OpenTSDB Nagios 实现监控报警

默北 OpenTSDBOpenTSDB Nagios 实现监控报警已关闭评论13,7981字数 8821阅读29分24秒阅读模式

OpenTSDB 非常强大,但是没有一个完整的监控平台。现在,OpenTSDB上有一系列的metric,当这些值超过临界值时,发送报警。在OpenTSDB源码tools目录下有一个Python工具check_tsd。该脚本查询OpenTSDB并返回兼容Nagios的输出OK/WARNING/CRITICAL状态格式。

check_tsd 解释

#!/usr/bin/python
#
# 该脚本根据给定的metric查询TSDB,并与指定的阀值进行比较。
# 兼容Nagios的输出格式,因此可以作为nagios的命令。
#
# check_tsd -m mysql.slave.seconds_behind_master -t host=foo -t schema=mydb
#     -d 600 -a avg -x gt -w 50 -c 100
#

import httplib
import operator
import socket
import sys
import time
from optparse import OptionParser

def main(argv):
    """从TSDB提取数据,并做简单的Nagios报警。

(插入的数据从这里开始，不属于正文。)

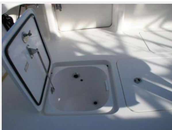
Deck 10 - Port Deck Storage w/ Ice Chipper Outlet
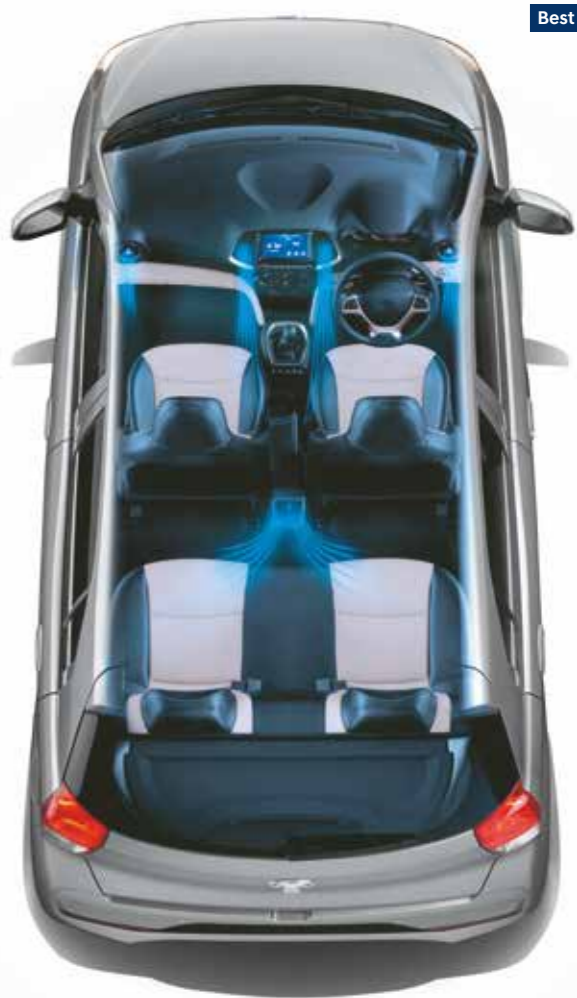
Superior AC performance

Other features: Floor mat hook | Passenger vanity mirror
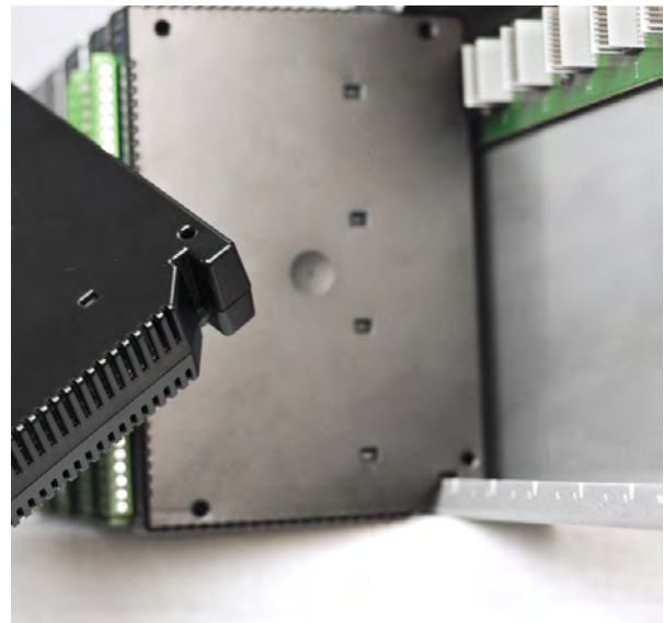
Figure 2 Notch for Module Alignment

Each SEL-2242 chassis/backplane has four or ten slots, labeled A-J. Slots B-J support the SEL-2245-2 modules.
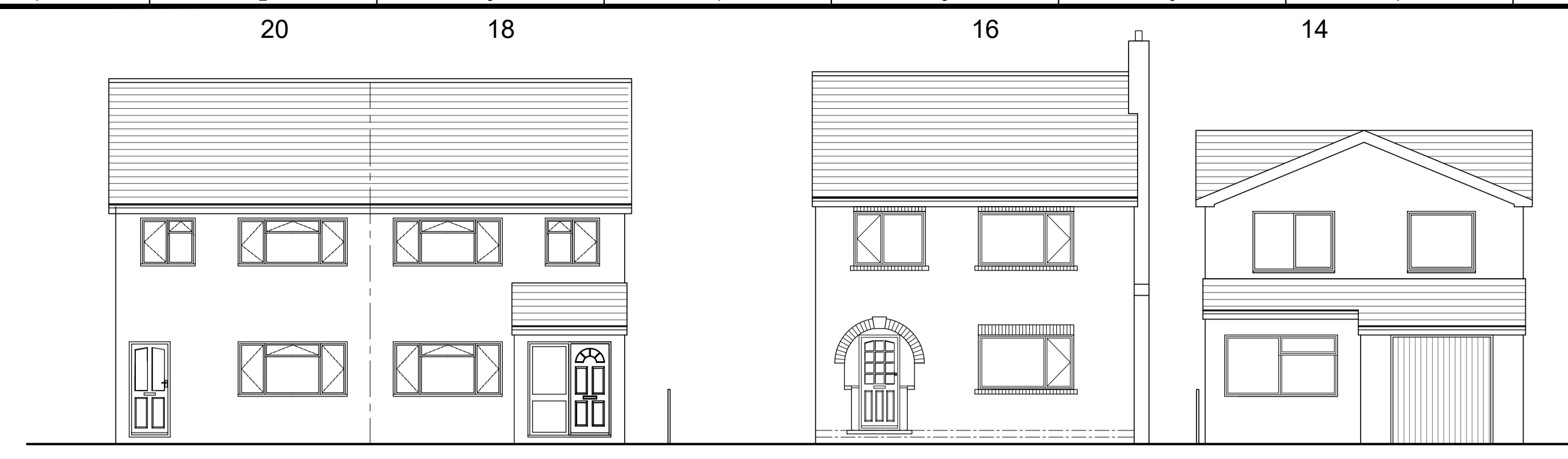
EXISTING STREET SCENE
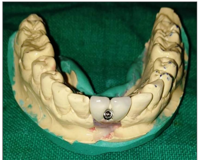
Fig 3: Prosthesis with access hole placed labially
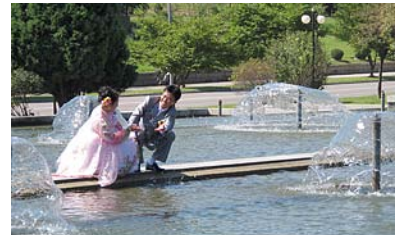
Newlyweds splashing each other

A woman’s moneymaking ability has become a desirable attribute in a wife as well. North Koreans speak of “golden couples,” referring to a husband in government and a wife in private commerce. 366 Whereas in the past men would have been ridiculed for marrying a divorcee, this is no longer the case. If she is a successful entrepreneur, she may be viewed as preferable to a never wed woman with no work history. According to a news report, “The choice of a divorced partner is especially popular among discharged soldiers in rural locations. The men see it as a chance to marry a city woman and escape the poverty of the countryside.” 367 Marriages between urbanites and farmers enable the couple to live in either location.
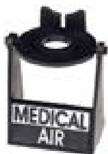
Figure 5: Medical air flowmeters are fitted with a labelled, movable 'guard' that covers the tubing connection to raise awareness of gas selected (left) and air blanking plugs are fitted to all outlets not in use
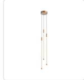
MP75227-BG Brushed Gold
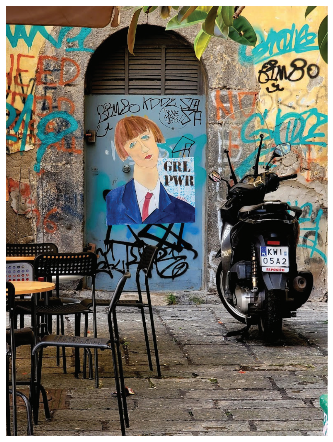
Figure 7: Street graffiti around Napoli, Italy.
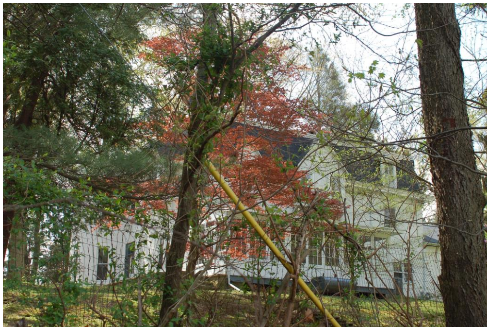
North (front) Elevation, House
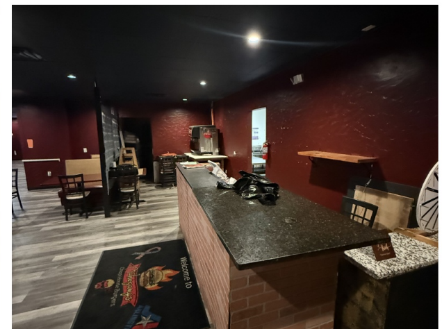
Suite 120 — Interior
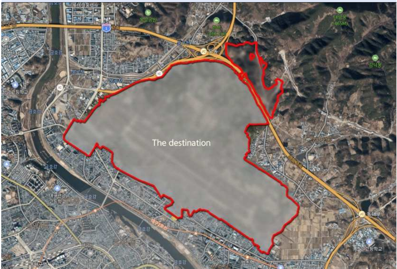
Aerial photos of the destination
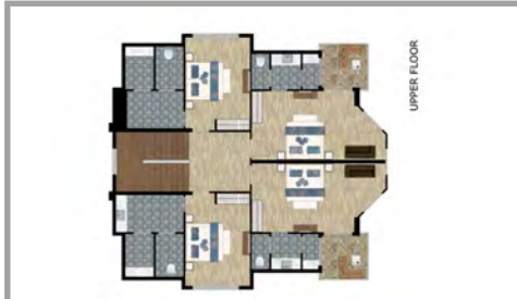
GROUND FLOOR SKETCH
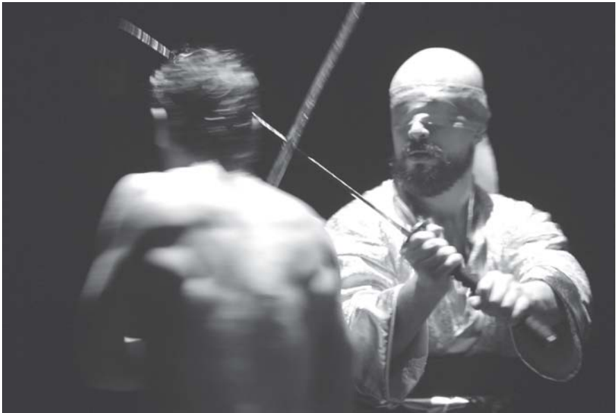
Vencer and Sensei.
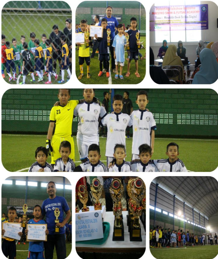
Global Illuminators Malaysia Team conducted its Latest CSR activity at Rumah Charis, Kuala Lumpur, Malaysia Children Home
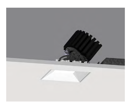
Recessed Plaster Trim
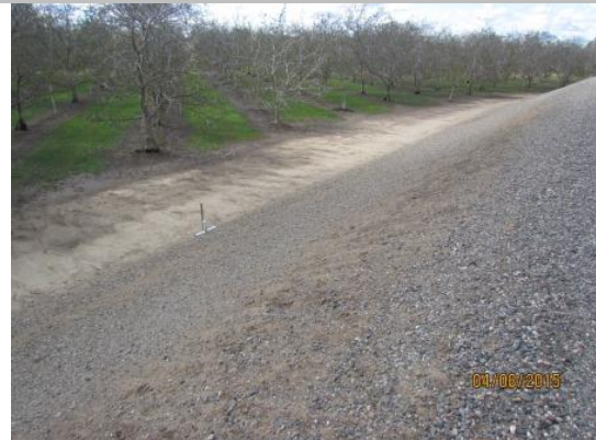
View of the removed rodent holes and bait station.
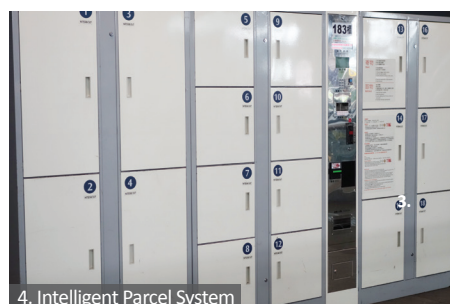
4. Intelligent Parcel System

"""

    parser = OptionParser(description='Simple TSDB data extractor for Nagios.')
    parser.add_option('-H', '--host', default='localhost', metavar='HOST',
            help='Hostname to use to connect to the TSD.')
    parser.add_option('-p', '--port', type='int', default=80, metavar='PORT',
            help='Port to connect to the TSD instance on.')
    parser.add_option('-m', '--metric', metavar='METRIC',
            help='Metric to query.')
    parser.add_option('-t', '--tag', action='append', default=[],
            metavar='TAG', help='Tags to filter the metric on.')
    parser.add_option('-d', '--duration', type='int', default=600,
            metavar='SECONDS', help='How far back to look for data.')
    parser.add_option('-D', '--downsample', default='none', metavar='METHOD',
            help='Downsample function, e.g. one of avg, min, sum, or max.')
    parser.add_option('-W', '--downsample-window', type='int', default=60,
            metavar='SECONDS', help='Window size over which to downsample.')
    parser.add_option('-a', '--aggregator', default='sum', metavar='METHOD',
            help='Aggregation method: avg, min, sum (default), max.')
    parser.add_option('-x', '--method', dest='comparator', default='gt',
            metavar='METHOD', help='Comparison method: gt, ge, lt, le, eq, ne.')
    parser.add_option('-r', '--rate', default=False,
            action='store_true', help='Use rate value as comparison operand.')
    parser.add_option('-w', '--warning', type='float', metavar='THRESHOLD',
            help='Threshold for warning.  Uses the comparison method.')
    parser.add_option('-c', '--critical', type='float', metavar='THRESHOLD',
            help='Threshold for critical.  Uses the comparison method.')
    parser.add_option('-v', '--verbose', default=False,
            action='store_true', help='Be more verbose.')
    parser.add_option('-T', '--timeout', type='int', default=10,
            metavar='SECONDS',
            help='How long to wait for the response from TSD.')
    parser.add_option('-E', '--no-result-ok', default=False,
            action='store_true',
            help='Return OK when TSD query returns no result.')
    parser.add_option('-I', '--ignore-recent', default=0, type='int',
            metavar='SECONDS', help='Ignore data points that are that'
            ' are that recent.')
    parser.add_option('-S', '--ssl', default=False, action='store_true',
            help='Make queries to OpenTSDB via SSL (https)')
    (options, args) = parser.parse_args(args=argv[1:])

    # 验证参数
    if options.comparator not in ('gt', 'ge', 'lt', 'le', 'eq', 'ne'):
        parser.error("Comparator '%s' not valid." % options.comparator)
    elif options.downsample not in ('none', 'avg', 'min', 'sum', 'max'):
        parser.error("Downsample '%s' not valid." % options.downsample)
    elif options.aggregator not in ('avg', 'min', 'sum', 'max'):
        parser.error("Aggregator '%s' not valid." % options.aggregator)
    elif not options.metric:
        parser.error('You must specify a metric (option -m).')
    elif options.duration <= 0:
        parser.error('Duration must be strictly positive.')
    elif options.downsample_window <= 0:
        parser.error('Downsample window must be strictly positive.')
    elif options.critical is None and options.warning is None:
        parser.error('You must specify at least a warning threshold (-w) or a'
                     ' critical threshold (-c).')
    elif options.ignore_recent < 0:
        parser.error('--ignore-recent must be positive.')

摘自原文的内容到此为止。